1. Haverá litispendência quando existirem em curso dois ou mais processos idênticos ao mesmo tempo. Para serem idênticos, é imprescindível possuir: a) mesmas partes; b) mesma causa de pedir; e c) mesmo pedido.
2. No caso em exame, embora tenham as mesmas partes, e o mesmo pedido, as demandas possuem causa de pedir distintas, ficando evidente a ausência de litispendência.
3. Considerando que a petição inicial preenche os requisitos elencados pelo art. 319 do CPC, bem como foi devidamente instruída com os documentos indispensáveis à propositura da ação (art. 320 do CPC), não é cabível a extinção da ação, sem resolução do mérito, no atual momento processual, de modo que a anulação da sentença, com a determinação de retorno dos autos à primeira instância, para que a ação prossiga em seus regulares termos, é medida que se impõe.
4. Recurso conhecido e provido.
(TJPI | Apelação Cível Nº 0802328-32.2021.8.18.0073| Relator: Aderson Antônio Brito Nogueira | 1ª CÂMARA ESPECIALIZADA CÍVEL | Data de Julgamento: 20/11//2022)
Cumpre destacar que, nesse contexto, caso haja a manutenção da sentença, estaria por se legitimar a criação de pressupostos de admissibilidade da petição inicial extralegais e discricionários, o que não se afigura possível, vez que, repiso, por disposição expressa, o Código de Processo Civil já elenca as situações de inépcia, consoante artigos acima colacionados.

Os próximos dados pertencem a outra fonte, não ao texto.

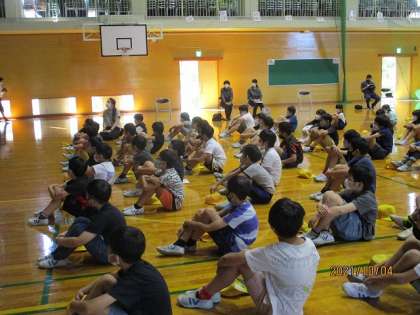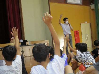 本校の耐震化補強工事を担当している前田建設様による出前授業を学年毎に開いています。今日は、最後の学年、4年生の出前授業の日です。取材も入り、子供たちは、やや緊張気味です。
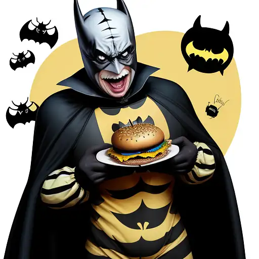 2 years ago beetle juice in a green and black batman costume eating a cheeseburger with beetles zoz021 0 28

Por fim, resta impossibilitado o julgamento do mérito da ação originária (aplicação da causa madura), vez que o processo não passou pela fase de dilação probatória (art. 1.013, §3º, do CPC/2015).

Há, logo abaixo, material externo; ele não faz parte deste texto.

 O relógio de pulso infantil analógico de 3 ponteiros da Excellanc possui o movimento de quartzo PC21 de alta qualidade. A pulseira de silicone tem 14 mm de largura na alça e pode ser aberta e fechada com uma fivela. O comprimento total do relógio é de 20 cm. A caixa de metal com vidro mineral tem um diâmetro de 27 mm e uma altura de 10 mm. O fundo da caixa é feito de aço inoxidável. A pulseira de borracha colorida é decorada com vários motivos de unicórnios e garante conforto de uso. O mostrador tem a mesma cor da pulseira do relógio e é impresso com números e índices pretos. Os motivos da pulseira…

IV - DA CONDENAÇÃO POR LITIGÂNCIA DE MÁ-FÉ
Inexistindo prova da ocorrência de fraude ou outro vício que pudesse invalidar a contratação, eis que a assinatura contida no contrato é semelhante às que constam nos documentos acostados pela parte apelante, não merece o recorrente o pagamento de qualquer indenização, pois ausente ato ilícito praticado pela instituição financeira no caso em apreço, impondo-se a manutenção da sentença vergastada.
O juízo de primeiro grau, por entender maliciosa a atuação da parte autora, a condenou ao pagamento de multa no importe de 1% sobre o valor da causa ante a litigância de má-fé.

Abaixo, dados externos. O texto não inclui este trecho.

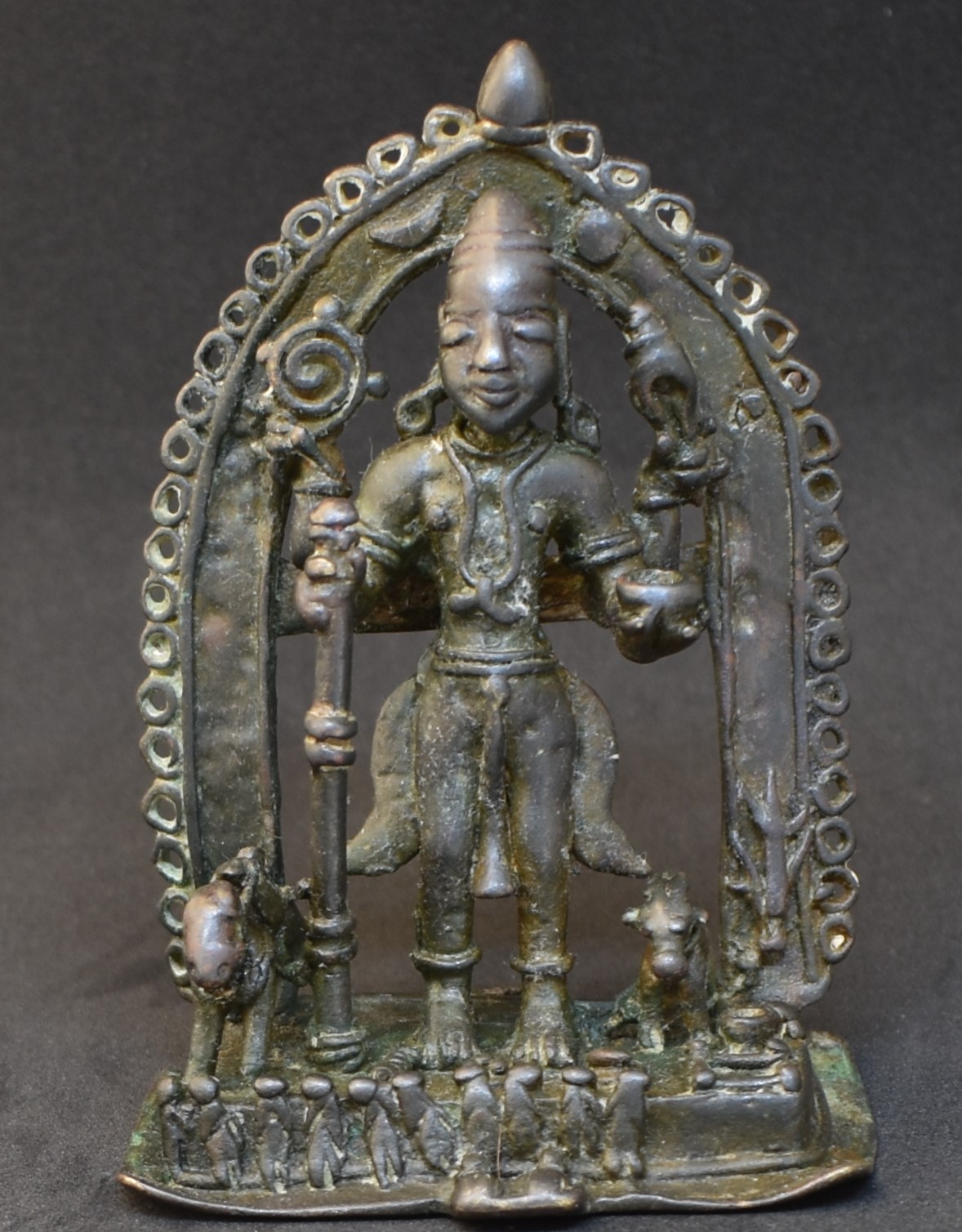 This is Govinda Bhairava, a syncretic form of Vishnu (Govinda) and Shiva (Bhairava). His rear hands are holding Vishnu’s attributes, Chakra and Shankha. Staff and begging bowl in the lower hands are Shiva’s attributes. This is similar to another Govinda Bhairava on this site. This bronze is more tribal in nature as opposed to the folkish style of the other bronze.

Ora, a litigância de má-fé não se presume; exige-se prova satisfatória de conduta dolosa da parte, conforme já decidiu o Superior Tribunal de Justiça. Veja-se:
AGRAVO INTERNO NO RECURSO ESPECIAL. RESPONSABILIDADE CIVIL. CUMPRIMENTO DE SENTENÇA. LITIGÂNCIA DE MÁ-FÉ NÃO CARACTERIZADA. AUSÊNCIA DE DOLO. AGRAVO INTERNO NÃO PROVIDO. 1. A simples interposição de recurso previsto em lei não caracteriza litigância de má-fé, porque esta não pode ser presumida, sendo necessária a comprovação do dolo, ou seja, da intenção de obstrução do trâmite regular do processo, o que não se percebe nos presentes autos. 2. Agravo interno a que se nega provimento.
(STJ - AgInt no REsp: 1306131 SP 2011/0200058-9, Relator: Ministro RAUL ARAÚJO, Data de Julgamento: 16/05/2019, T4 - QUARTA TURMA, Data de Publicação: DJe 30/05/2019).
No mesmo sentido, cito precedente dessa colenda câmara:
APELAÇÃO CÍVEL. AÇÃO REVISIONAL DE CONTRATO. IMPROCEDÊNCIA LIMINAR DO PEDIDO. ART. 332 DO CPC. ALEGAÇÃO DE IMPOSSIBILIDADE DE CAPITALIZAÇÃO DE JUROS EM CONTRATO BANCÁRIO. SÚMULAS 539 E 541 DO STJ. LITIGÂNCIA DE MÁ-FÉ NÃO CONFIGURADA. RECURSO CONHECIDO E PARCIALMENTE PROVIDO.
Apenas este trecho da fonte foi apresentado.